The environmental group that sued to get German cities to ban dirty diesel cars is celebrating a court decision making such bans possible.
The head of Environmental Action Germany said Tuesday it was "a great day for clean air in Germany."
Juergen Resch noted that the Federal Administrative Court concluded European legislation and health protection were more important than national regulations.
Chancellor Angela Merkel says she hopes that measures to reduce air pollution in German cities will have an effect soon.
Merkel said the government would examine the verdict and meet with cities to discuss which measures to take.
But she said that many cities only just exceed the legal threshold and "we may be able to meet the limits very soon."
Merkel insisted that the ruling wouldn't affect all diesel car owners in the country.

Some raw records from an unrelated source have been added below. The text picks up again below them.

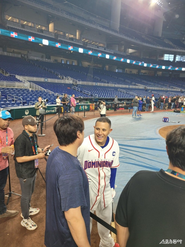 마차도는 도미니카공화국의 타격 훈련을 보기 위해 그라운드에 나선 이정후를 발견하자 또다시 반갑게 인사를 전했다. 샌프란시스코 자이언츠에서 활약하는 이정후는 “같은 지구여서 아무래도 잘 알고 지내는 사이”라며 둘 사이 인연을 밝혔다.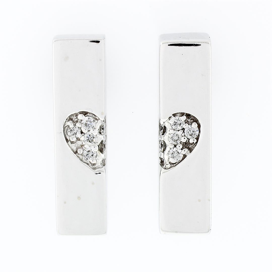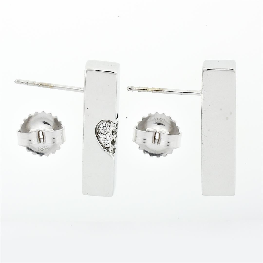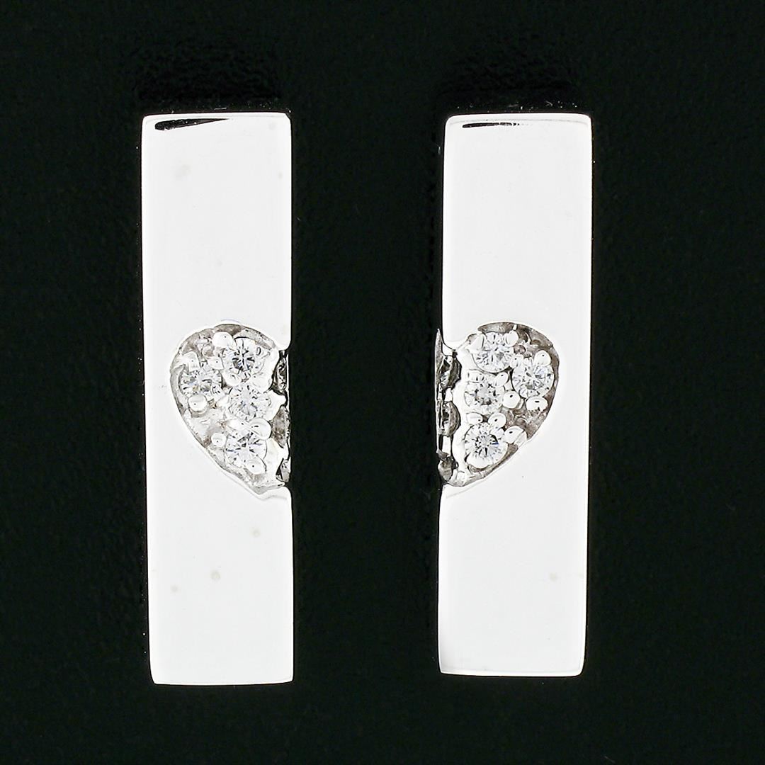 A designer movado solid 18k yellow gold earrings, with 12 round brilliant cut natural diamonds (F- VS1 ; 0.15ctw). The earrings measure approximately 19.20x5.06mm and weigh a total of 9.09 grams.
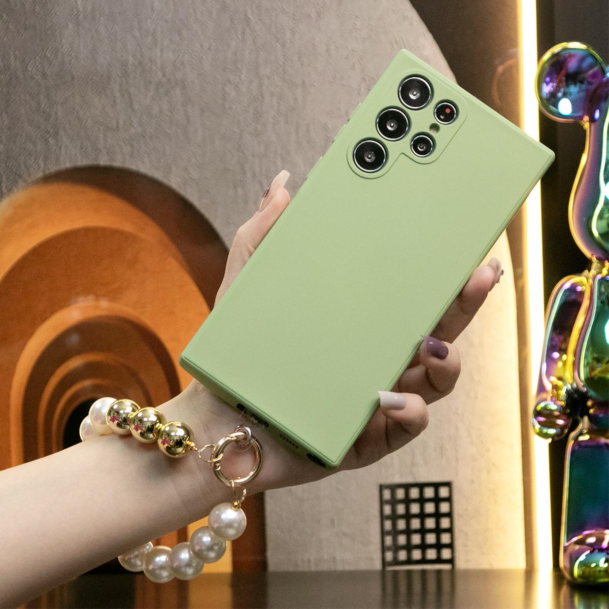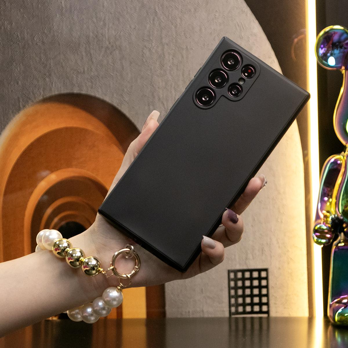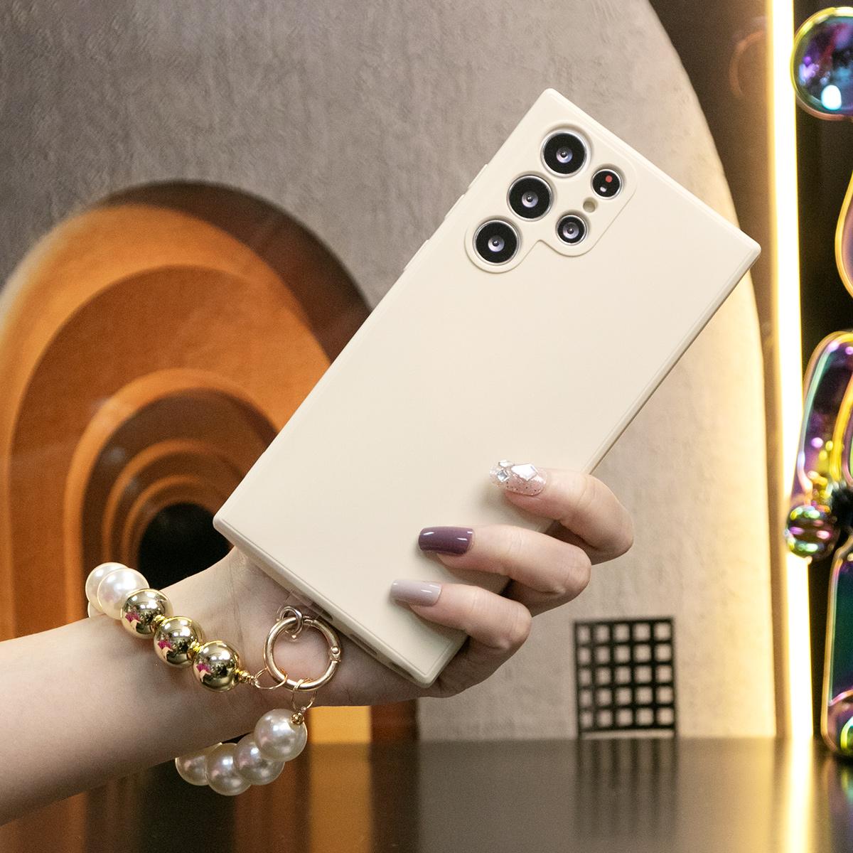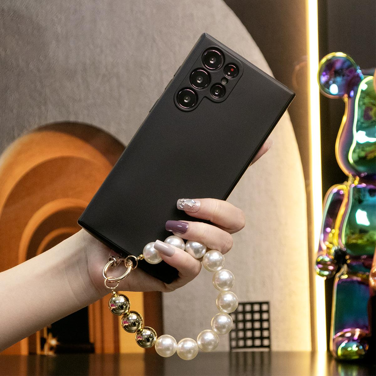 Silicone Matte Phone Case with Pearl Metal Lanyard For Samsung S24 S23 S22 S21 Ultra Plus S24Plus S24Ultra Camera Protect Soft Cover S23 FE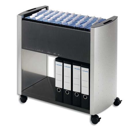 Capacité maximale de 50 dossiers suspendus dos en V, avec tablette inférieure pour rangement. Fabriqué en acier avec revêtement époxy polyester. Panneaux latéraux arrondis en métal avec effet perforé décoratif. Poignées intégrées sur les côtés.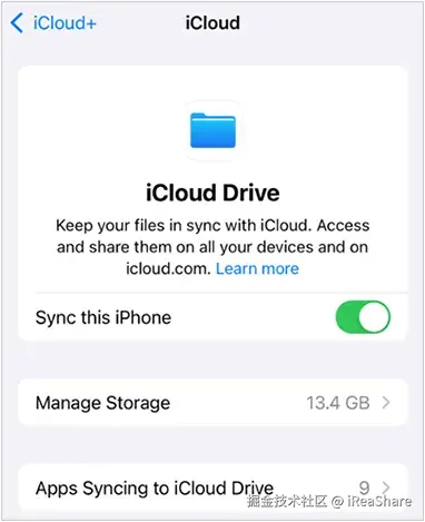 在 iPhone 上,前往 “设置” >“ [您的姓名] ”>“ iCloud ”,向下滚动,然后点击“ iCloud 云盘”。确保“同步此 iPhone ”(或“iCloud 云盘”)已打开。您还可以允许单个应用将数据存储在 iCloud 中。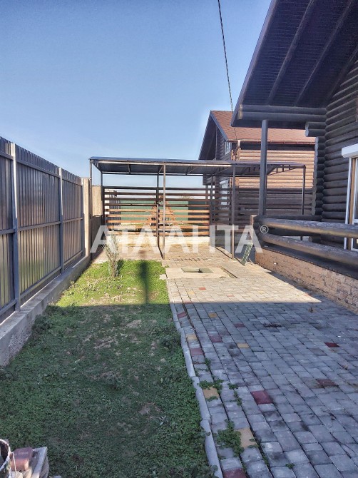 На территории обустроен навес для автомобиля, двор выложен тротуарной плиткой.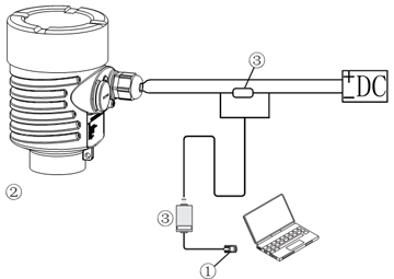 使用軟件調(diào)試時需給雷達儀表提供24VDC,同時在連接HART適配器前端加一個250歐姆的電阻。如果一體式HART電阻(內(nèi)部自帶電阻250歐姆)的供電儀表,就不需要附加外部電阻,這時候HART適配器可以和4-20mA線并聯(lián)。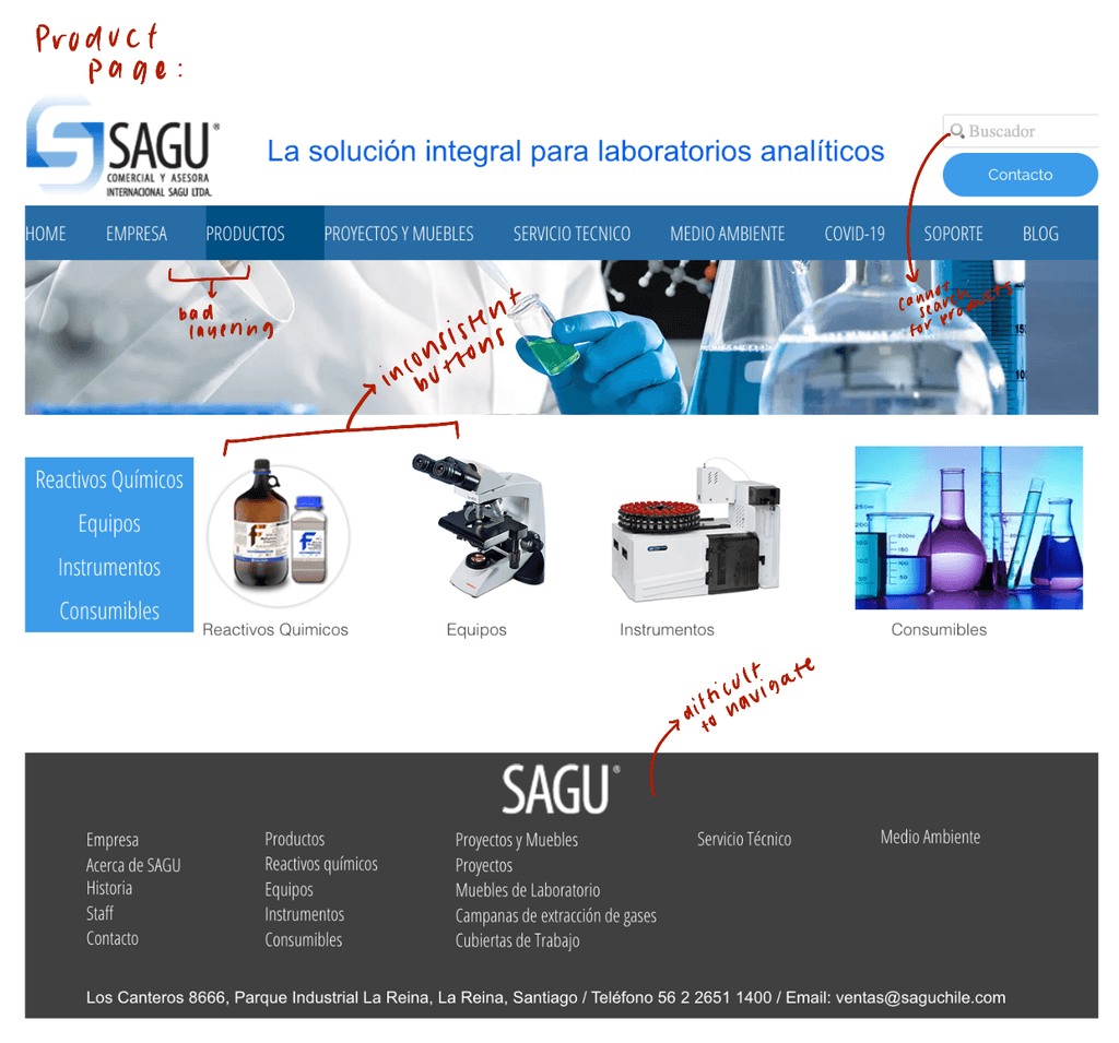 As a UX intern at Sagu, a company based in Santiago, Chile, I contributed to the digital transformation of their online presence. Sagu specializes in providing laboratory equipment, analytical instruments, consumables, and chemical reagents for quality control labs, as well as in the design, construction, and outfitting of lab projects. I conducted my work entirely in Spanish, which added a layer of cultural and linguistic learning to the experience.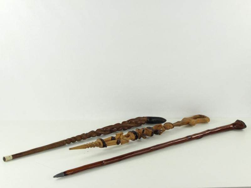 Lot van 3 handgesneden houten wandelstokken - decoratief en verzamelwaardig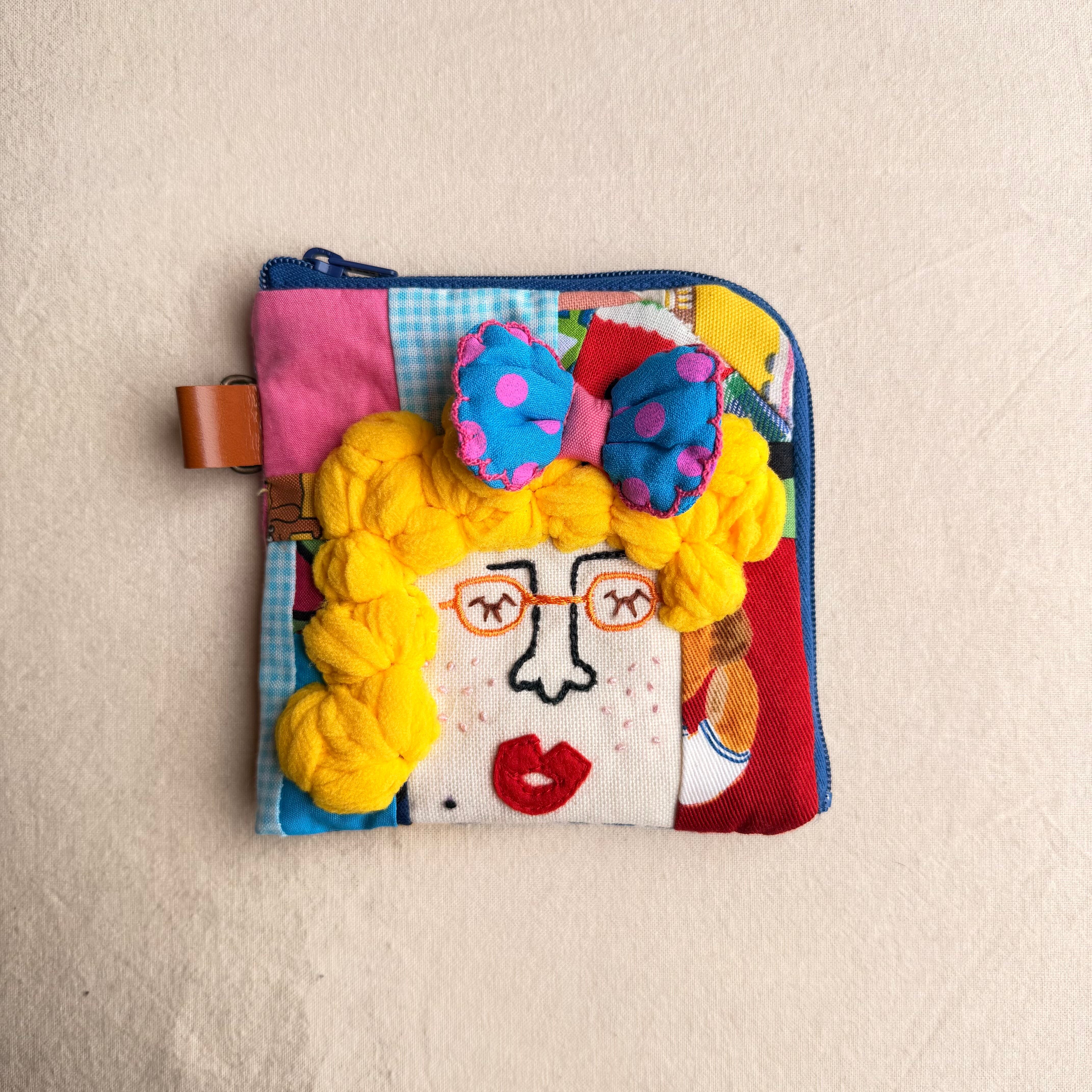 171 カオ刺繡のL字ジップお財布ポーチ 171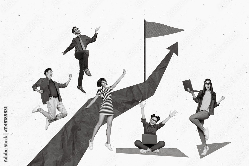 Creative photo 3d collage artwork poster postcard picture of many happy people celebrating success isolated on painting background
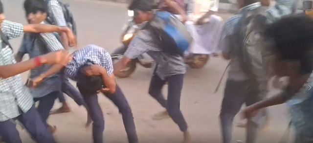 தொடர்ந்து ஒரு கட்டத்தில் கற்களை எடுத்து தூக்கி வீசும் காட்சிகள் வாகன ஓட்டிகள் மற்றும் பொதுமக்களிடையே அச்சத்தை ஏற்படுத்தியுள்ளது. அரசு பள்ளி மாணவர்கள் ஒருவரை ஒருவர் சரமாரியாக தாக்கிக் கொள்ளும் காட்சிகள் தற்போது வேகமாக பரவி வருகிறது.

Berlin's Chamber of Commerce says a ban on diesel cars in the city's downtown could cost firms in the German capital 240 million euros ($295 million) alone to replace their fleets.
Agency head Jan Eder said Tuesday's decision should increase pressure on Berlin authorities to look for other ways to improve air quality, such as incentives to buy electric cars, cleaner public buses, encouraging more cycling and "intelligent" traffic light programming.
Otherwise he says Berlin companies would be forced to invest in new fleets at great cost.
Eder says "about half of the companies would then have to restrict or even give up their businesses."